Gender quotas; The Newest Form of Discrimination


Equality and fair distribution of power at all levels of government and private institutions is an ardently debated topic of today. With growing female ascendancy, there has been a push for the introduction of gender quotas in the Maltese system, thus helping to elevate women and bring more equality in such institutions were men are in the majority.

Gender quotas are forms of reserved seats ensuring that women constitute a certain percentage of the members of a body in an institution. In essence, a quota imposes upon employers a minimum number of seats with the aim of redressing an imbalance between the genders. Today, quota systems are applied in many different regions and institutions to ensure a larger presence of women in the workplace, yet it is highly debated whether such a system should be reinforced further in Malta.


The European affairs and Equality Minister sees it as a “necessary evil”, pointing out that many countries who had a gender quota system in the past, have naturally equal bodies today. This can be seen in Sweden whose gender quota system dated back to 1994. Today, their parliament is 44.7 percent women. In Sweden the quotas were a temporary system which were removed in due course, however, most countries have not limited their use of the quota in a time period but rather set a target percentage with sanctions for the bodies that do not comply.

The use of such a quota has both its advantages and disadvantages. Gender quotas are in themselves a very effective short-term method of providing equality in institutions, bringing women into work and into power, whilst inspiring other females to reach the same positions. It can be seen as a method of correcting and controlling the existing discrimination whilst giving a better representation for women across the board. On the other hand, gender quotas can impose gender above qualifications and experience, reserving a seat for a woman based on her gender rather than giving it to a man who has higher merit for that same seat.

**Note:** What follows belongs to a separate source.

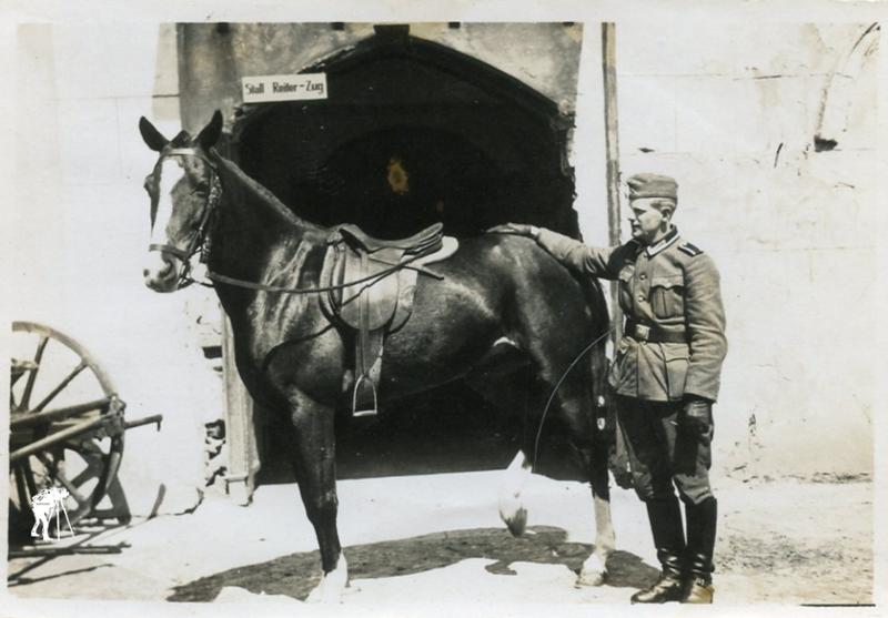 Fotografia przedstawia żołnierza niemieckiego pozującego z koniem przed budynkiem stajni w Radomyślu Wielkim.

Some politicians have also pointed about that such favouritism would question the merits of a woman who is already in power, bringing further discrimination from the electorate on the very people that the country wants to push forward.

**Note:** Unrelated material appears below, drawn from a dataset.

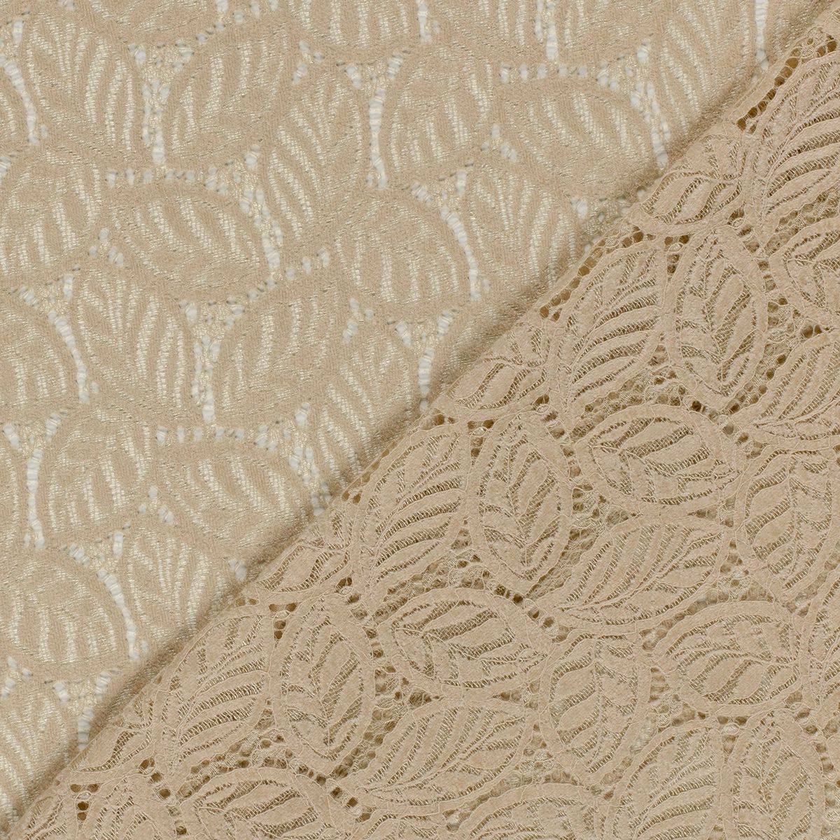 Spitze mit Chenille im Blätterdessin – Meterware beige, 150 cm breit

Gender Quotas could also stall the process towards gender equality in the long run if inept women are given a seat simply because of their gender, whilst highly credited men are not given the same chance. This would show favouritism, whilst shedding a bad light on the women who are capable of having a seat of power without any positive discrimination. People in power have pushed for the use of such quotas, creating an environment that favour women in power, hoping it would lead to a higher percentage of women in the electorate. It is my opinion that such expectations will backfire since these women may not have the same merits and qualification that would help in such jobs and gender equality will not be observed under these quotas as men are not given the same opportunities.

Positive discrimination through gender quotas is still discrimination. The strive for equality should never include yet another form of discrimination, even if it is now targeted at the opposite sex. Gender quotas should not be a short-term solution, for the simple fact that they could erase the credibility and credentials that female leaders have worked hard to set for all their female counterparts. Equality and female leadership in all sections of society is a long-term project that has already been set in motion mostly in the younger generations, a project which if not delivered correctly could lead to a growing discrimination against boys who are hearing about the infinite possibilities of female work and may be set aside on the basic assumption that they already have the patriarchal society on their side. It is such discrimination that should be set aside, placing women above men will only mean that history will repeat itself. It is time that genders are seen as nothing but a mark on the identity card, thus finally giving work and seats to the people who deserve it based on their merits and skills. Such a goal can only be reached through education that serves and promotes all genders.

The long-term solution is already at hand as more girls continue their education, and more women aspire for better jobs, yet present-day leaders have to give the younger generation a chance. If we are truly the future leaders, then do not ruin our chances before we can even arrive at the destination. There is still gender discrimination through the lasting effects of the patriarchal society, but these cannot be removed by forcing men out of power and giving a seat to a female on the context of striving for equality. All of the population should be encouraged to reach their full potential thus promoting the truest form of prosperity through equality.